The flashing blue light in the rearview mirror came out of
nowhere, cutting through the cool shadows of the waning
afternoon. Hannah Cooper glanced at the rental car's
speedometer needle, which hovered just under sixty. The
speed limit was sixty-five on this stretch of Wyoming's
Highway 287, so she wasn't speeding.
Maybe he just wanted her to move aside to make it easier to
pass her on the two-lane highway. She edged the Pontiac
toward the narrow shoulder, but the car behind her slowed as
well, making no attempt to go around her. The driver waved
out the window for her to pull all the way over.
Damn it. She released a slow breath and looked for somewhere
to pull to the side. The highway shoulder barely existed on
this stretch of winding road, the grassy edge rising quickly
to meet the dense stand of pines lining the highway. Hannah
spotted a widening of the shoulder a few yards ahead. She
slowed and pulled over, cutting the engine.
Tamping down a nervous flutter in her belly, she lowered the
window with one hand while pulling her wallet from her purse
with the other. Outside the window, footsteps approached.
She turned to face the lawman. "Is something wrong?"
She got a brief glimpse of weathered jeans and a shiny
silver belt buckle before the man's hand—snugly tucked
into latex gloves—whipped up into the window and
sprayed something wet and stinging in her face.

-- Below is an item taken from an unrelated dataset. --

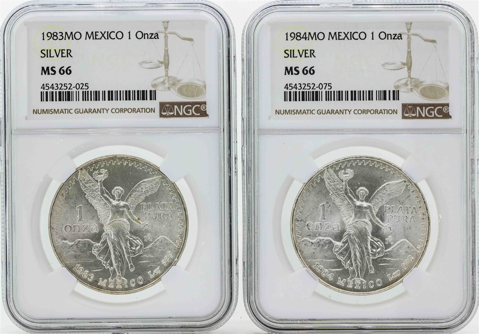 Set of 1983MO-1984MO Mexico 1 Onza Silver Libertad Coins NGC MS66

Her gasp of surprise drew a spray of fiery heat into her
mouth and throat, and her eyes slammed closed, acid tears
seeping from between her lids. Pepper spray, she
realized, gagging as fire filled her lungs with every
wheezing breath. Coughing, she tried to reorient herself in
a world turned upside down.
She felt a rough hand on the back of her neck, pushing her
forward toward the steering wheel with a sharp thrust. She
threw herself sideways, avoiding all but a glancing blow of
her cheekbone against the steering wheel. The shock of pain
faded quickly compared to the lingering agony of the pepper
spray. Panic rose as she felt the man's hand groping for her
again.
Don't ever let them get you out of the car.
The warning that filled her foggy mind spoke in her brother
Aaron's voice. Aaron, the cop, who never let pass any
opportunity to give her advice about personal safety.
If they get you out of your car, you're dead.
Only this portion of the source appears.